Re: "page is not marked all-visible" warning in regression tests

From: Andres Freund <andres(at)2ndquadrant(dot)com>
To: pgsql-hackers(at)postgresql(dot)org
Cc: Robert Haas <robertmhaas(at)gmail(dot)com>, Tom Lane <tgl(at)sss(dot)pgh(dot)pa(dot)us>
Subject: Re: "page is not marked all-visible" warning in regression tests
Date: 2012-06-06 19:07:28
Message-ID: 201206062107.29300.andres@2ndquadrant.com
Views: Raw Message | Whole Thread | Download mbox | Resend email
Thread:
Lists: pgsql-hackers

On Wednesday, June 06, 2012 08:19:15 PM Robert Haas wrote:
> On Wed, Jun 6, 2012 at 1:46 PM, Andres Freund <andres(at)2ndquadrant(dot)com>
wrote:
> > On a cursory lock it might just be a race condition in
> > vacuumlazy.c:lazy_scan_heap. If scan_all is set, which it has to be for
> > the warning to be visible, all_visible_according_to_vm is determined
> > before we loop over all blocks.

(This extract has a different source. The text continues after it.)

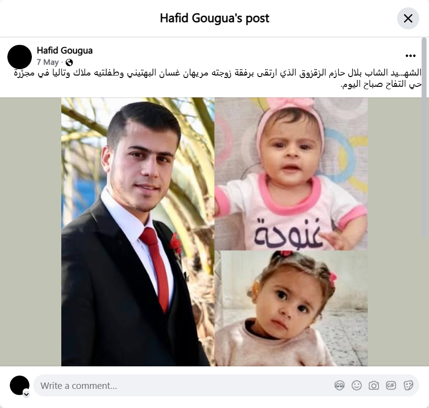 The young martyr Bilal Hazem Al-Zaqzouq, who ascended with his wife, Marihan Ghassan Al-Bahtini, and his two daughters, Malak and Talia, in the Al-Tuffah neighborhood sewer this morning.

At the point where one specific heap
> > block is actually read and locked that knowledge might be completely
> > outdated by any concurrent backend. Am I missing something?
>
> No, I think you're right. I think that warning is bogus. I added it
> in place of some older warning which no longer made sense, but I think
> this one doesn't make sense either.
Agreed.

It might be interesting to recheck the visibility and warn if its wrong. That
should be infrequent enough to bearable and it does check for an actually
dangerous case in a new code path.

> > I have to say the whole visibilitymap correctness and crash-safety seems
> > to be quite under documented, especially as it seems to be somewhat
> > intricate (to me). E.g. not having any note why visibilitymap_test
> > doesn't need locking. (I guess the theory is that a 1 byte read will
> > always be consistent. But how does that ensure other backends see an
> > up2date value?).
>
> It's definitely intricate, and it's very possible that we should have
> some more documentation. I am not sure exactly what and where, but
> feel free to suggest something.
I think some addition to the LOCKING part of visibilitymap.c's header
explaining some of what you wrote in your email might be a good start.
I would also suggest explictly mentioning that its ok to have the
visibilitymap and the page disagreeing about the visibility if its the
visibility map that think that the page contains invisible data but not the
other way round (I think that can currently happen).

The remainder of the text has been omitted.